La décadanse

Terminus

Espace kugler

Une installation de Thomas Bonny

"De quel terminus s’agit-il ? De celui de l’Usine Kugler, désaffectée puis réaffectée, constamment menacée de fermeture, voire de destruction, et qui reste pourtant bruissante des activités artistiques qu’elle abrite ? Du terminus tout proche des bus des TPG, qui arrivent en fin de course, tard dans la nuit et qui s’endorment, vides, sur une place assignée, en un repos que l’on pourrait croire éternel, mais qui, au petit matin, repartent sur les chapeaux de roue vers de nouveaux itinéraires ? Ou plutôt, du terminus de l’œuvre et de l’activité de l’artiste, qui, arrivée comme au point mort d’un aboutissement, entre doute et repos au terme d’une course, qui est en même temps, la fin et son redéploiement. En somme, à la croisée des chemins contemporains qui cherchent leur propre finalité dans leurs aboutissements, l’incertitude du recommencement face à l’évidence d’avoir terminé quelque chose !

Thomas Bonny propose à l’espace kugler uneinstallation très structurée et profondément pensée, qui convoque, côté signification, ces arrivées que l’on croit sans futur, mais qui relèvent aussi, au sens large, du mythe de Dionysos, mort et né deux fois, et de l’archétype qui relie, en occident, la mort à la résurrection.

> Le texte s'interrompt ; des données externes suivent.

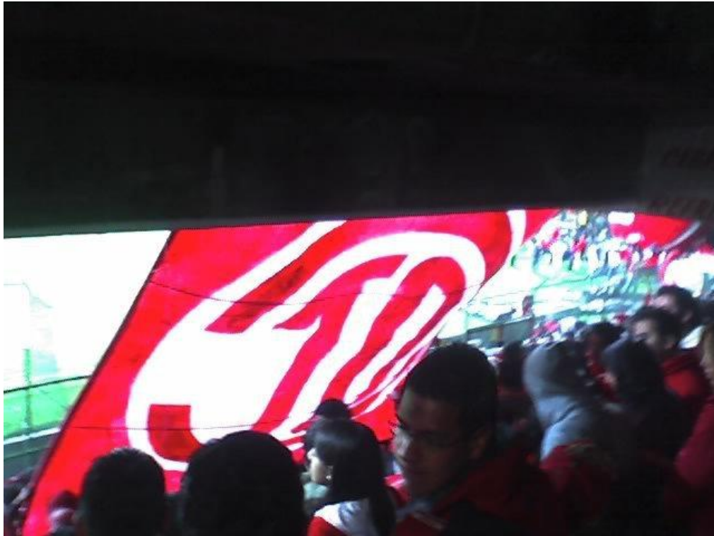
Telón en un partido Toluca vs América

especial, te vas empapando del ambiente que se vive; es decir los gritos, los festejos de goles, las porras o canticos entonándolos a todo pulmón, el ondear las banderas, intentar hacer que las demás tribunas cantaran alguna porra hacia el equipo, o pedirles a una sola voz: ¡Otra copa! Haciendo referencia a otro título para el equipo, para la gente, para su afición.

L’artiste nous a habitué à sa recherche étrange, qui partant d’éléments de réalité, simplifiés et comme ressemblés sur eux-mêmes dans ce qui est peut-être leur valeur la plus élémentaire, s’approchent d’une fascinante abstraction mentale, visant à l’essentiel, souvent non dépourvu d’une touche d’ironie. C’est comme un clin d’œil amusé dans les profondeurs. Mais l’essentiel, ici, n’est jamais purement intellectuel. Bien au contraire, il nous apparaît encore plus incarné que le réel. C’est que l’œuvre est toujours précédée d’un obstiné travail sur la figuration de la matière colorée. Ce qui semblait s’éloigner des formes végétales d’origine, de l’arche interrompue ou de la flaque d’eau inerte, y revient par le détour même d’une matérialité somptueuse, dont on ne saurait dire si elle est le fruit d’un travail virtuose ou du calme acharnement d’un artisan. De plus, les œuvres de Thomas Bonny jaillisent toujours de son vécu, qu’il s’agisse des disques vinyles en grands cercles, qui rappellent sa passion musicale ou des troublantes mandorles féminines.

Au centre du carrefour proposé dans Terminus, se dresse une borne incertaine, qui désigne de clairs indicateurs d’itinéraires avortés ou encore de grandes ouvertures, qui sont autant de portes dont les perspectives complexes font obstacle au passage et suggèrent l’infini. Il faut finalement écouter Thomas Bonny, quand il nous dit que l’œuvre se développe, comme dans un jeu exigeant mais jamais clos, entre le projet initial et la danse incessante des circonstances de la vie."